It is an interesting question. Why do we read? Why do we read texts, signs, situations and each other? The ever changing contingencies of existence and the precariousness of our enterprises mean that getting a judgement “right” about a problem, a threat or a danger can be a matter of life and death.
Interpreting and coming to an understanding of what actions and expressions “mean” is at the core of hermeneutics. Hermes the Ancient Greek messenger God encapsulates one of the key hermeneutic challenges which by analogy retains a certain validity. How do you convey what is intended by the Gods (artworks, novels, musical compositions or historical tradition) to a community that does not speak their language? Hermeneutics embraces the educational ambition of bringing communities to understand what is alien and foreign to and about themselves.

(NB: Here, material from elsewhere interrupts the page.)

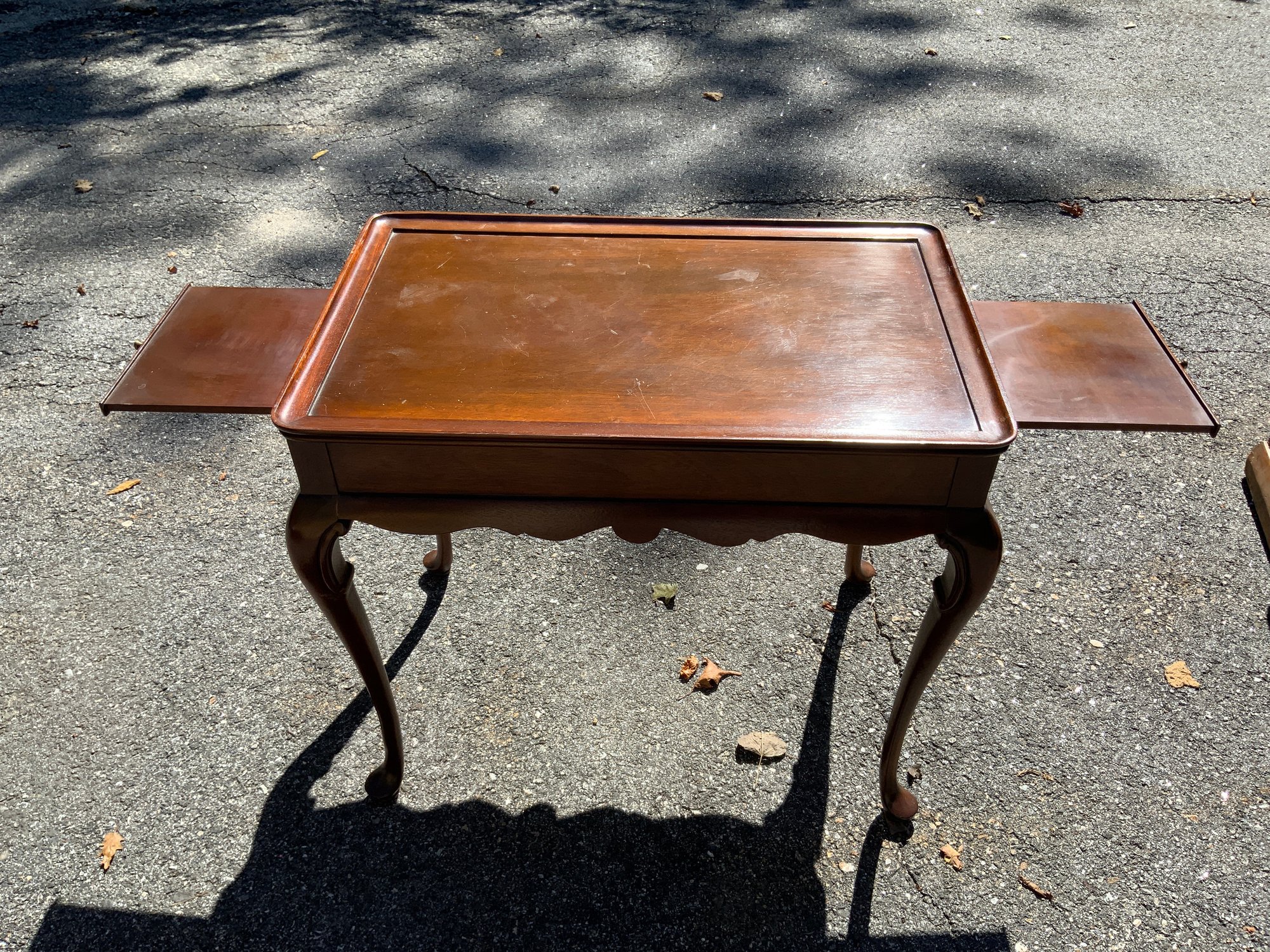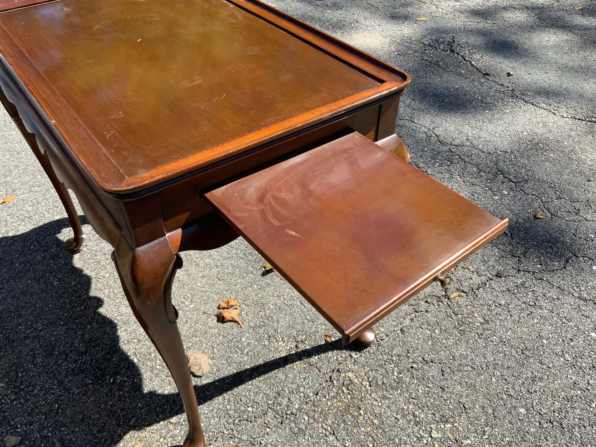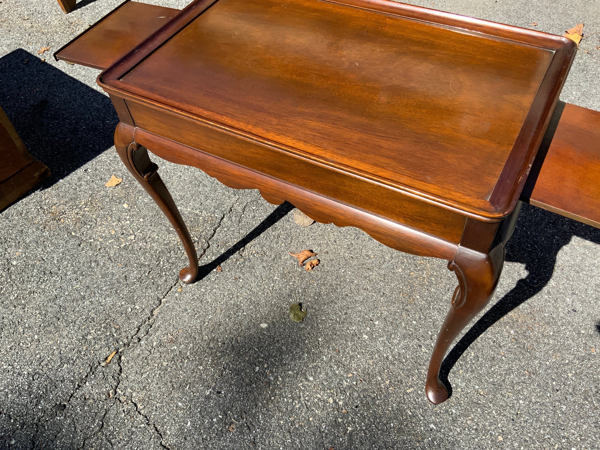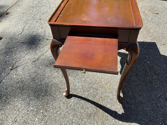 One 30”x26.5”x19” Queen Anne style tea table, probably mahogany with Queen Anne feet. Shaped skirt, raised edge rim, pullout candle slides, looks like bench made reproduction.

The understanding of language and its operations, specifically written language, is central to the discipline. Plato quickly perceived the challenge that writing posed. The written word is not merely the record of transactions between persons but it is also the precondition of a people’s historical record, its legal infrastructure and that collective self-understanding made possible by literary tradition. When the written statement of a living person is unclear, it is always possible to return to the speaker for clarification. However, what happens when the written word is “orphaned”, when we can no longer ask the poet or legislator what they actually meant? If we are unable to return to the author, what then legitimates the reading of one text over another? The problem is exemplified by the Christian, Islamic and Buddhist tradition. Their founding texts are not authored by the figures about which they speak, rather, they are the records written by others of the oral teachings heard and witnessed. Because of the absence of both the original speaker and any original written philosophy against which the received texts of each tradition can be checked, the “authority” of those texts can never be decisively arrived at. They will always remain in question. The question is whether such texts offer plausible accounts of the teachings they convey. Are the words of the received record consistent with those that Christ or the Buddha would have spoken? What happens to the status of the religious text when the recording language is different from the language of the sayings recorded? These difficulties and their modern equivalents (for example, do written accounts of art distort non-linguistic experiences of art?) denote precisely the intellectual terrain in which hermeneutics operates. More fundamentally, hermeneutics can be said to reflect on how both spoken and written language influences how we understand our world.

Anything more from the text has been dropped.